# 2004 rims on a 2009 clubman?



## BennyM (Oct 21, 2010)

Hey everyone. We just got our first Mini (a 2009 clubman S) and since the snow is still flying her in Minnesota, we immediately bought a set of 16" rims from a 2004 mini to use with winter tires. I didn't realize, however, that the 2004s didn't have tire pressure sensors in their wheels. So, does anyone know if the TPMS sensors will fit in pre-2007 wheels? I've read that the sensors need to have a flat space in the rim. 

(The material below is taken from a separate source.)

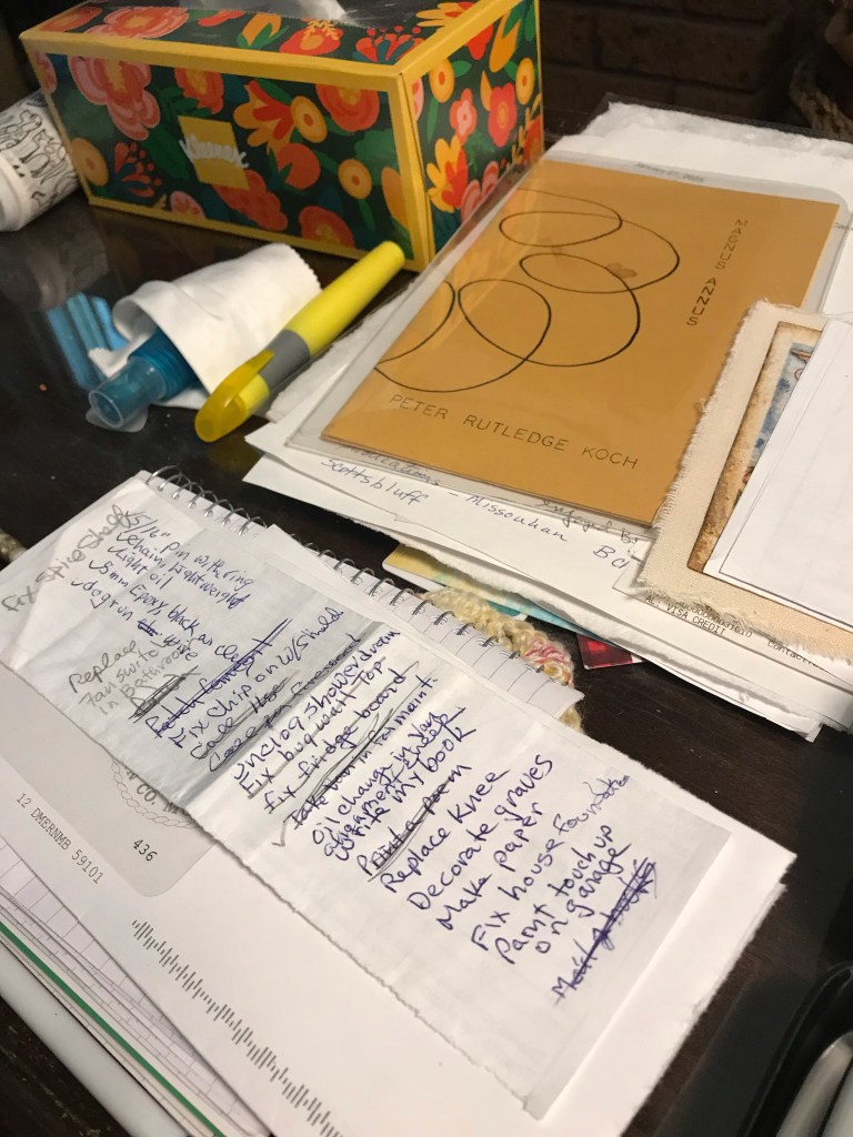 I feel better today, so I shuffle through the papers on table by my chair. And offer a word to you.

If that doesn't work, and since we're not willing to spend thousands more on new wheels from the dealership, is there any way to disable the car's tire pressure warning until we put the summer tires back on?

Thanks in advance.
-BennyM
(normally on BMW E34 forums)


----------



## david in german (Mar 17, 2011)

Yes, the TPMS sensors will work on the older wheels. You should be more concerned with the question of if the 12mm stud holes will fit your 14mm stud holed Mini. I am running R88 wheels on my Cooper S for the winter and they are from a 2005-2006 Cooper. It was a simple job for a tire shop (if they have a Runflat machine)
If the wheels do fit your stud size and you don't want to have the TPMS installed there is no way to shut down the TPMS system but there is a way to trick it!
http://www.toyotatundraforum.com/wheels-tires-and-brakes/5028-fix-for-tpms-light-on.html
Good luck!
David


----------